Please note challenging a will and contesting a will are different to one another. There are time limits that relate to contesting a will, that is, 12 months from the deceased’s date of death where the deceased’s assets are held in New South Wales.

    DOUBTS AS TO THE VALIDITY OF A WILL

    If there are doubts as to the validity of the will, it is best to get in contact with a solicitor as soon as possible.

    If probate has not been granted, a caveat may be filed with the registry of the Supreme Court of NSW so as to “stop” a grant being issued until either the caveat is removed by the caveator or the court makes an order for its removal.

    The caveator will also be provided with notice once an application for probate has been filed however the court will not grant probate so long as the caveat remains in force.

    Due consideration should be given prior to filing a caveat as there could be cost implications if a caveat is shown to be filed without basis.

      WHAT EVIDENCE IS NEEDED TO CHALLENGE A WILL?

      For a caveat to remain in force, the caveator must first show doubt as to the validity of the will. This can include their own observations, medical records of the deceased person and will preparation notes at the time the will was prepared.

      Throughout the will challenge proceedings, the court may, at the request of a party, issue subpoenas for production of documentary evidence as well as orders for expert evidence from specialists such as medical practitioners.

        WHAT HAPPENS IF A WILL CHALLENGE IS SUCCESSFUL?
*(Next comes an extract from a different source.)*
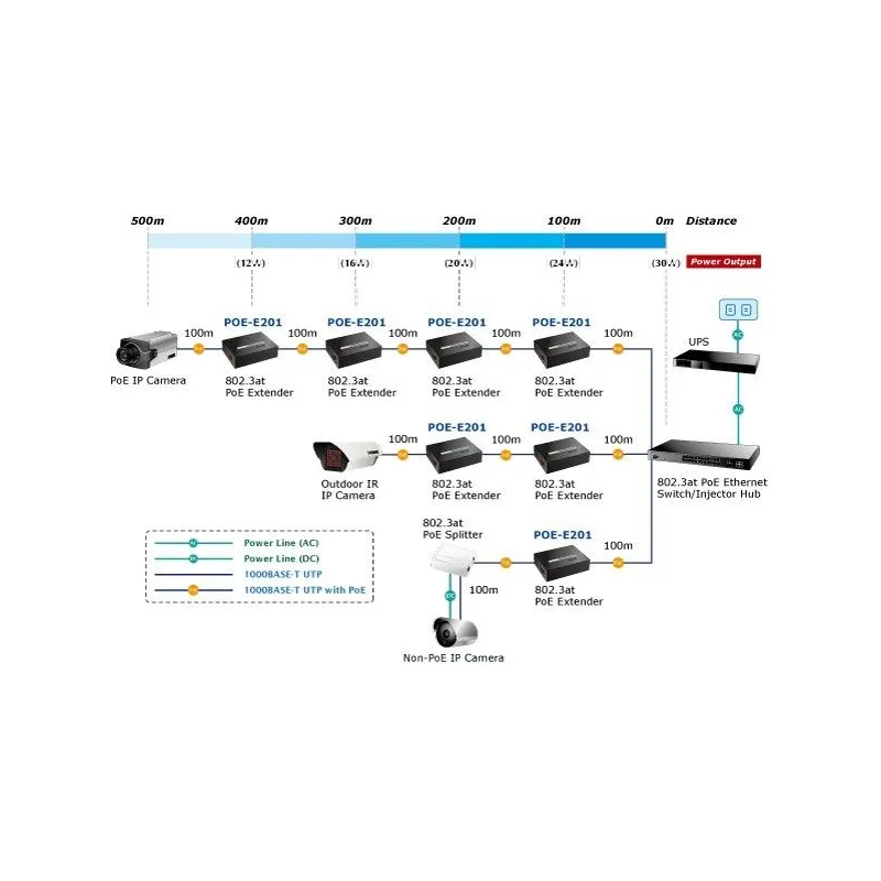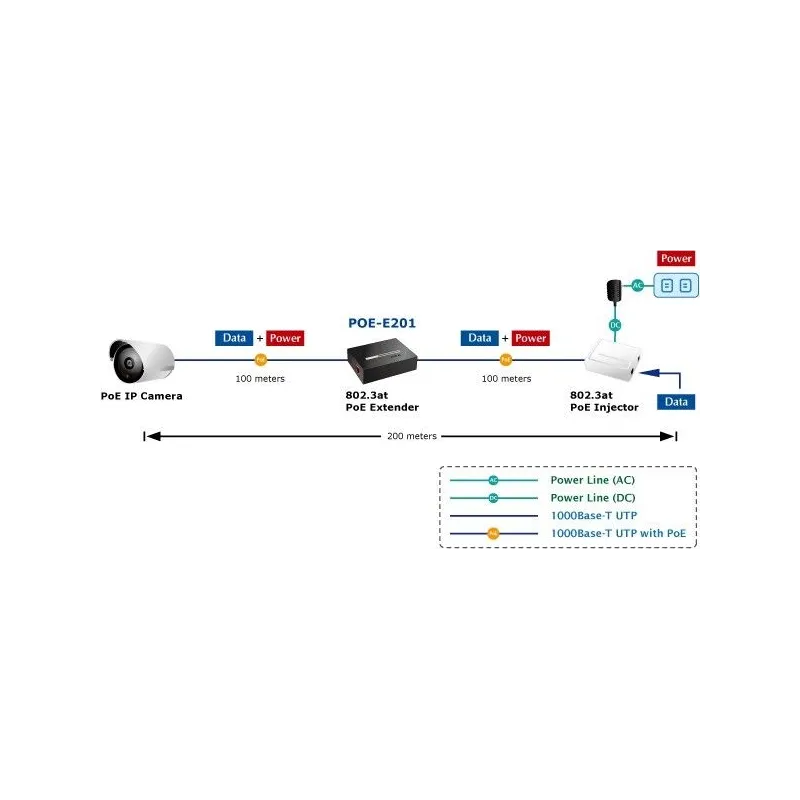 Overview | Planet POE-E201 อุปกรณ์ POE Extender เพื่อเพิ่มระยะสาย Lan พร้อมไฟ POE มาตรฐาน 802.3at ไปกับสาย ได้อีก 100 เมตร โดยไม่ต้องต่อปลั๊กไฟ (กำลังไฟไฟ้า WATT จะลดลงตามระยะทาง) และ สามารถ ต่อพ่วงอนุกรมได้สูงสุด 4 ตัว รวมได้ระยะ 400 เมตร ความเร็ว Gigabit 10/100/1000Mbps |

        If a will challenge is successful, the court will make an order that probate be granted on the last valid will of the deceased, or, if no valid last will then a grant for letters of administration under on intestacy.

        It is therefore important you understand your standing and your entitlements if you were to be successful in a will challenge prior to challenging a will.

          WHAT CAN BE DONE WHILE THE TESTATOR IS STILL ALIVE?

          A will can only be challenged after the death of the testator. Prior to their death, if there are any concerns as to undue influence or lack of mental capacity of the testator, a person may contact the NSW Civil and Administrative Tribunal, Guardianship division to either seek appointment as financial manager and or orders as to guardianship or to review a current enduring Power of Attorney and/or Enduring Guardianship appointment.

          If there are concerns that a person has changed their will and it is likely that the will is not valid, collecting evidence while the person is still alive may assist your will challenge when the time comes.